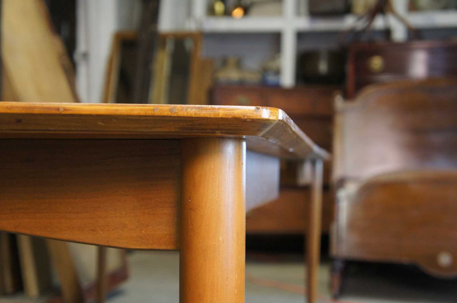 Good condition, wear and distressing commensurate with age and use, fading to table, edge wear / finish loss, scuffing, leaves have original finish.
...
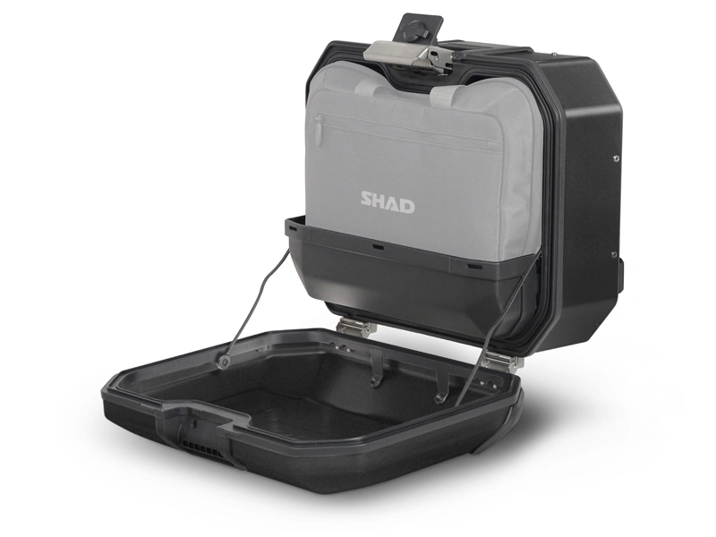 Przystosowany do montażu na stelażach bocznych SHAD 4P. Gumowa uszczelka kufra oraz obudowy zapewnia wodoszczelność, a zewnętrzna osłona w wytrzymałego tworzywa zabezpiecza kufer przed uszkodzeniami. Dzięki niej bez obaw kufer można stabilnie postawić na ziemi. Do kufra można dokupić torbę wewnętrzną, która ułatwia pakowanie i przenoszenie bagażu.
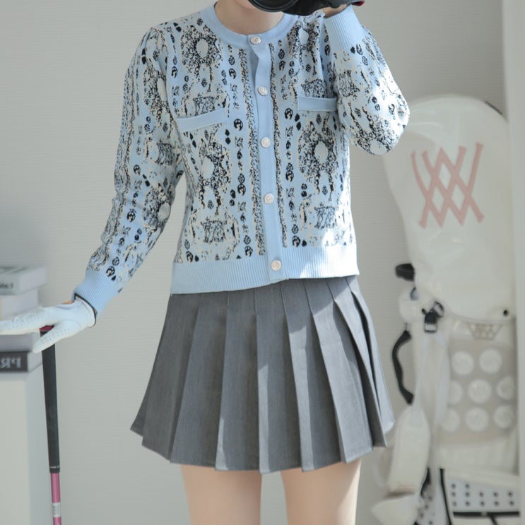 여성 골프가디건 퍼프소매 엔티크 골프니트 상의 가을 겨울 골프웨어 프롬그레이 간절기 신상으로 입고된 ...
--
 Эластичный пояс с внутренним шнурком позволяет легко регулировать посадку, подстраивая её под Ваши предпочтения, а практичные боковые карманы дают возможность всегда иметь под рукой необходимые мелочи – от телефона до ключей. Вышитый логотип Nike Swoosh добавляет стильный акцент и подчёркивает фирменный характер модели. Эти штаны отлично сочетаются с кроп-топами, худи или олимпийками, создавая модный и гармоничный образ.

→ **WHAT TO PRODUCE**:
Reproduce the lines above starting at the one with "Przystosowany do montażu" and ending at the one with "여성 골프가디건 퍼프소매", both included, exactly and with no pictures.

→ **SOLUTION BELOW**:
 Przystosowany do montażu na stelażach bocznych SHAD 4P. Gumowa uszczelka kufra oraz obudowy zapewnia wodoszczelność, a zewnętrzna osłona w wytrzymałego tworzywa zabezpiecza kufer przed uszkodzeniami. Dzięki niej bez obaw kufer można stabilnie postawić na ziemi. Do kufra można dokupić torbę wewnętrzną, która ułatwia pakowanie i przenoszenie bagażu.
 여성 골프가디건 퍼프소매 엔티크 골프니트 상의 가을 겨울 골프웨어 프롬그레이 간절기 신상으로 입고된 ...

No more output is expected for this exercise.